"""

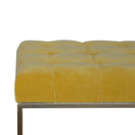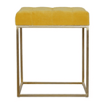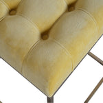 This luxurious footstool can be added to any part of the home, upholstered in a luxurious mustard yellow velvet cotton velvet, featuring a lovely deep button design throughout giving the piece class and allows it to fit into any type of interior as an accent piece. The base has been constructed from a golden brass base with a padded design for definition.
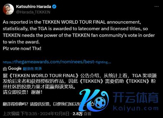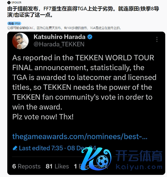 近日,格斗游戏《铁拳8》的主创原田胜弘在推特发文示意,从统计数据来看,TGA的奖项更倾向于颁发给较晚发布的游戏和授权作品,因此《铁拳》需要借助粉丝们的力量才能赢得该奖项。但愿人人多多投票,谢谢!
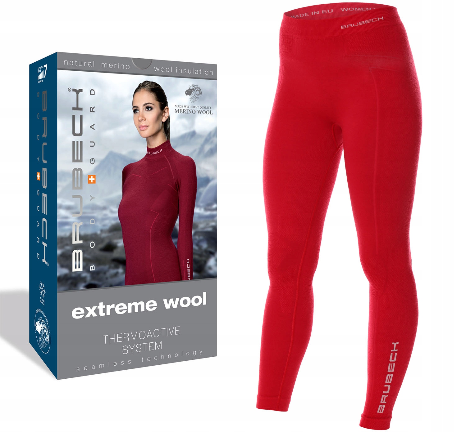 Damskie spodnie termoaktywne BRUBECK Extreme Wool to najcieplejsza bielizna w ofercie tej marki wykonana z najwyższej jakości wełny owiec merynosów. Extreme Wool jest szczególnie polecana osobom narażonym na niskie temperatury. Idealnie nadaje się do uprawiania sportów zimowych jak i do użytku na co dzień czy do pracy. Bielizna termoaktywna BRUBECK Extreme Wool została wykonana w dwuwarstwowej, bezszwowej technologii co pozwoliło uzyskać doskonałe właściwości termoregulacyjne. Bielizna termoaktywna z wełny merino zapewnia szybki odbiór wilgoci i znacznie zwiększa komfort cieplny. Wszystko to sprawia, że bielizna pomaga w utrzymaniu stałej temperatury ciała. Odzież chroni organizm przed wyziębieniem jak i przegrzaniem. Dzianina z wełny merino charakteryzuje się dużą elastycznością, idealnie dopasowuje się do ciała i podkreśla sylwetkę. Produkty Brubeck Extreme Wool posiadają właściwości antyalergiczne - nie powodują uczuleń i podrażnień a także antybakteryjne - zapobiegają rozwojowi bakterii i powstawaniu nieprzyjemnych zapachów. Wełna z owiec merino oferuje dodatkowe właściwości takie jak mikromasaż jej włóknami, który pomaga w ukrwieniu komórek, co wpływa na poprawę krążenia. Zobojętnianie jonów dodatnich wpływa dobroczynnie i łagodząco na system nerwowy.
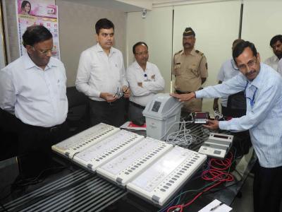 व्हीव्हीपीएटी मशीनचे प्रात्यक्षिक दाखवताना. (फोटो - सुशील कदम)
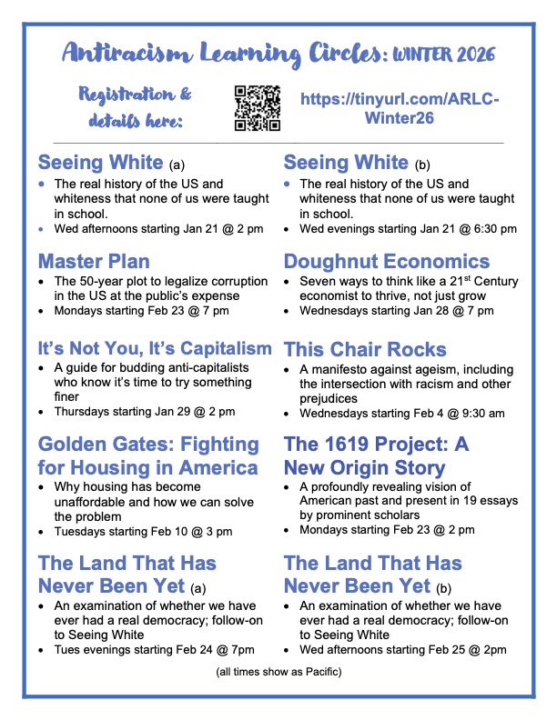 You are invited to join an Antiracism Learning Circle this winter. It’s on Zoom, so you can join from anywhere. Invite your friends, too. Circles start the week of January 19.
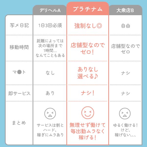 プラチナムは雑費がなくて稼いだ分全部手取り!スタッフさんも親切だし、距離感がちょうどよくて環境がすごい良いです。
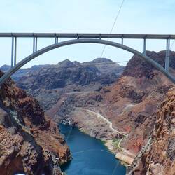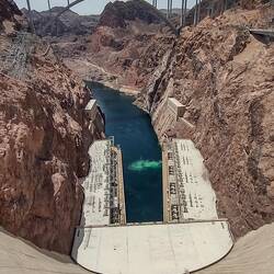 We stopped at the Welcome to Vegas sign first, and unbelievably there was no one there. Well, it was 07:45 on a Saturday morning. In Vegas. Our next stop was the Mike O'Callaghan–Pat Tillman Memorial Bridge to enjoy a dam beautiful Dam overlook while straddling the border of Nevada and Arizona. Cool. If you're driving a car on the bridge, you can't see anything, so park here if you go: https://maps.app.goo.gl/gQAZg5Y8kNafaQiPA
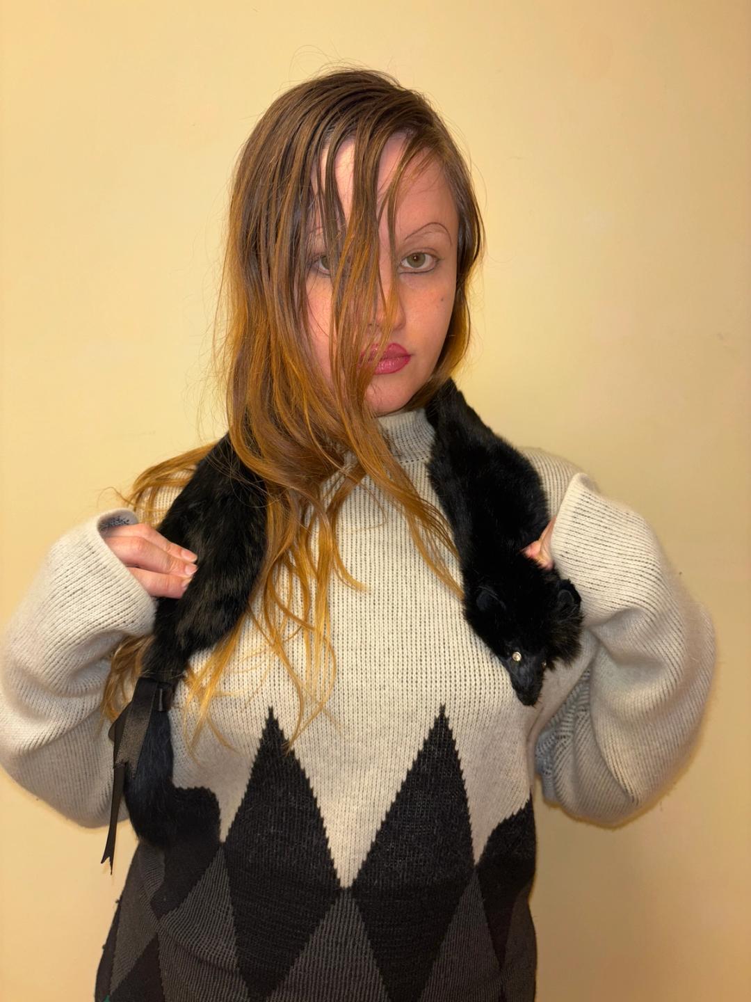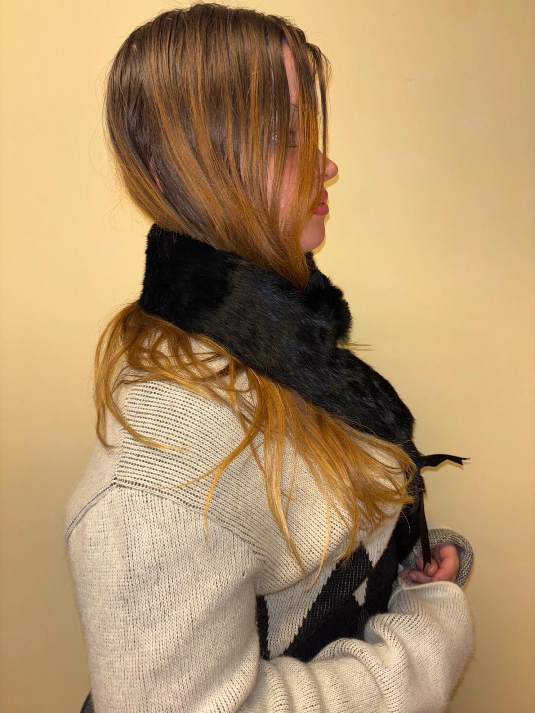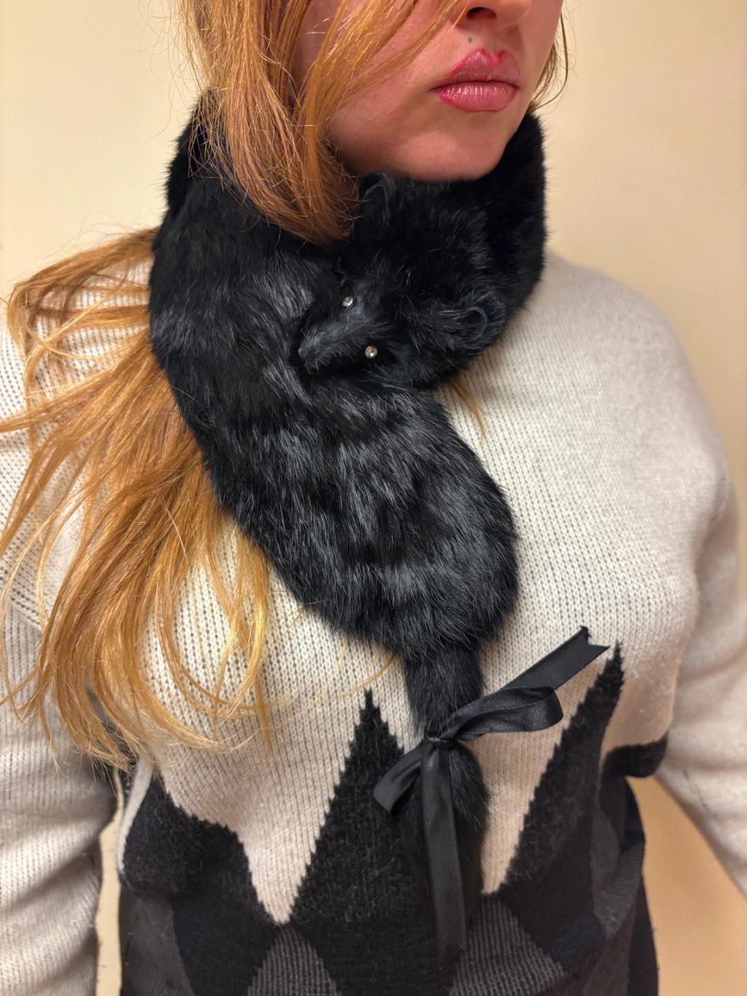 "Fox" style stole made of rabbit fur. The stole has rhinestone eyes and a bow tied around its tail. There's a clip closure in the mouth to fasten it around the neck.
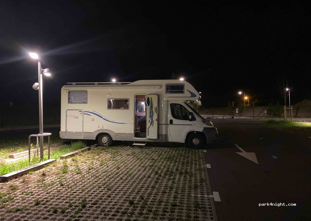 Grosser Parkplatz mit Beleuchtung. Platz für mehr als 10 Mobile. liegt zwischen 3 Straßen aber für eine Übernachtung sehr gut. Keine V E. Wir standen mit ca 10 Mobilen da
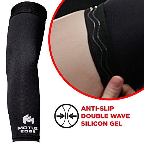 Motus Edge Copper Infused Elbow Compression Sleeve for Tennis Elbow, Tendonitis, CrossFit, Pain Relief

"""

▸ **Task requirements**
Without any pictures, restate word for word only the lines from the one with "around the neck." through the end of the listing.

▸ **Written response**
 "Fox" style stole made of rabbit fur. The stole has rhinestone eyes and a bow tied around its tail. There's a clip closure in the mouth to fasten it around the neck.
 Grosser Parkplatz mit Beleuchtung. Platz für mehr als 10 Mobile. liegt zwischen 3 Straßen aber für eine Übernachtung sehr gut. Keine V E. Wir standen mit ca 10 Mobilen da
 Motus Edge Copper Infused Elbow Compression Sleeve for Tennis Elbow, Tendonitis, CrossFit, Pain Relief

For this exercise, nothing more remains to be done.